Our research is based on two research questions: what should these end user applications be called and what are their most common features? We have used mixed methods approach which combines quantitative and qualitative methods in our research. Our approach utilized online research, non-probability and snowball sampling to find the most relevant solutions. In our online research, we have used pre-selected keywords and their combinations while using Google as our search engine. We have also conducted research interviews.

The first step was to search for the existing IB solutions that were focused on end users and could be described as end user applications in the context of IBs. The online research used specific keyword criteria for our non-probability sampling. Those were broken down into three different groups (Table 1). The first group included adjectives describing smartness: smart and intelligent. Words in the second group described the physical place: office, facility management and building. Our main focus was on office buildings, but also facility management companies have created similar applications, so we included them as well. We focused on office buildings as end user applications are closely related to improving employee performance and user satisfaction. The combination of these elements is well suited to office buildings. As mentioned above, costs related to staff are approximately 90% of total business operating costs for knowledge organizations (Alker et al., 2015). The third group was about the application: application, mobile application, app, mobile app. The online research was done by combining words from all of the groups 1–3.
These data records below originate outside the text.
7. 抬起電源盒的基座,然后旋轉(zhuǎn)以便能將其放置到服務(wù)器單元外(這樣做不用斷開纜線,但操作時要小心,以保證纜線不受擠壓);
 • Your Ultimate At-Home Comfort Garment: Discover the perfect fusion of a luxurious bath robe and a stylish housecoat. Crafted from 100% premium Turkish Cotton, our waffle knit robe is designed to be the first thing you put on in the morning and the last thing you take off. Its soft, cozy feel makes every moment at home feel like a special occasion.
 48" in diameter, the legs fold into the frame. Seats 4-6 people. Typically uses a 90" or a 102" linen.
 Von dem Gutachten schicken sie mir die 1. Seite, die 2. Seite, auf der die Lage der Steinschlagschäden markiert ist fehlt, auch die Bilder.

To a comprehensive list of solutions we also used snowball sampling in our research by asking our interviewees to provide the names of their closest competitors. Furthermore, when we found a solution that met our criteria, we searched for companies that described themselves in the same way. After finding the most relevant companies, we collected comparable data from their websites and we also conducted interviews to get an in-depth understanding of applications.

In all, three in-depth interviews were conducted. The interviewed companies were District Technologies, Rapal and Haltian Emphatic Building. All of the interviewed companies presented different industry categories to get a wider range of companies. District Technologies are concerned with community management and engagement, Rapal focus on facilities management software and Haltian is mostly concerned with employee experience. District Technologies are from the UK and the other two companies are from Finland. All of the interviews consisted of the same questions. There were two sets of questions: open and binary “yes” or “no” questions. The open questions were related to the background of the interviewee, the background of the company and how they descried their solution. The binary questions were related to the features that were included in the solution.
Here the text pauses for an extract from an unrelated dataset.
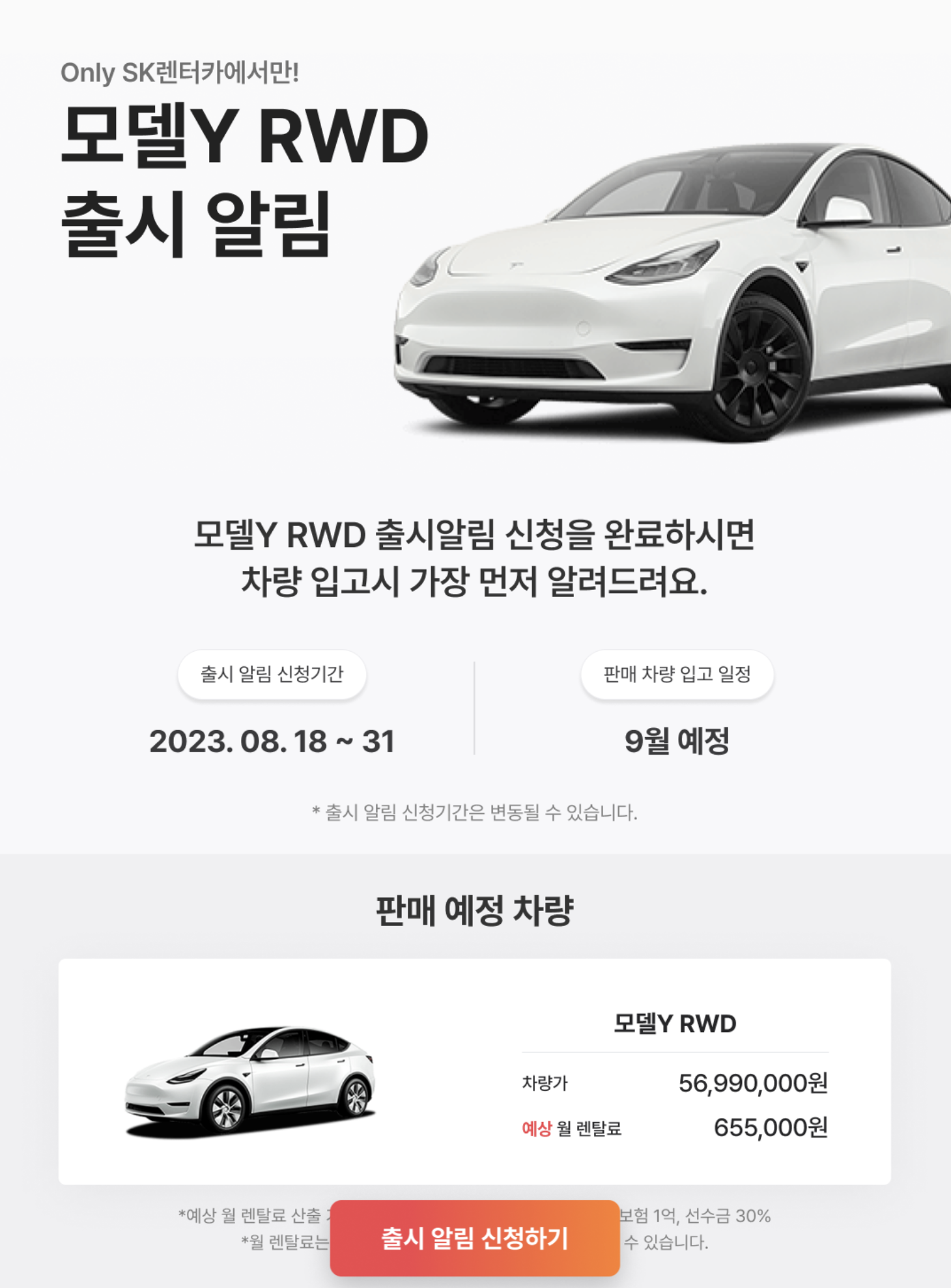 * SK렌터카 다이렉트에서 테슬라 모델Y RWD 출시 알림 신청하기

We aimed to determine what these emerging group of solutions should be called and to uncover their most common features. A simple framework illustrating the methodology can be seen below (Figure 1).

3.1 RQ1: What should these end user applications be called?
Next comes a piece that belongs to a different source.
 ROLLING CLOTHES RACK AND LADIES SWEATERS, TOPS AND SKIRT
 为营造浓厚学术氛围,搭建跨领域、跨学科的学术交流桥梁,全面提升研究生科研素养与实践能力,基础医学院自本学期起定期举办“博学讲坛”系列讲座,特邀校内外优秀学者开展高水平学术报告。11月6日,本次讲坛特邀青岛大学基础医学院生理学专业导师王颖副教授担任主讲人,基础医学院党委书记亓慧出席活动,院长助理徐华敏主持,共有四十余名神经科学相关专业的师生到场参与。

The end user application providers describe their products in their websites and documents. For that reason, we collected their short marketing slogans as they encapsulate the products. Furthermore, we collected slightly longer marketing description (MD) to get more in-depth descriptions than shorter slogans. In addition to slogans, MDs offered a wider selection and a more comprehensive database of most commonly used words describing them. All of the slogans and MDs were collected from chosen companies’ websites as they were in May 2020.

The occurrence of words in slogans and MDs were arranged into four groups. In the first group is the occurrence of words in slogans and in the second group the occurrence in MDs. Furthermore, two other groups have been created. The third group considers the occurrence of words in both slogans and MDs. The last group consists of the occurrence of words in either slogans or MDs. In all of the four groups are the number as well as the percentage of companies having those words in slogans and/or MDs.

The companies commonly used a combination of three words to describe applications themselves and thus our name is also a three-word term. The first word-set, which is an adjective, is needed to describe the application and its smartness. The second word-set describes the place where the SWS is used, e.g. office. The third word-set describes the technology itself, e.g. application. Furthermore, we collected a random set of words, which were seen as relevant in LDA topic modeling (Table 2). We organized the most relevant words in the topic modeling style explained later on to already mentioned word sets (Table 2).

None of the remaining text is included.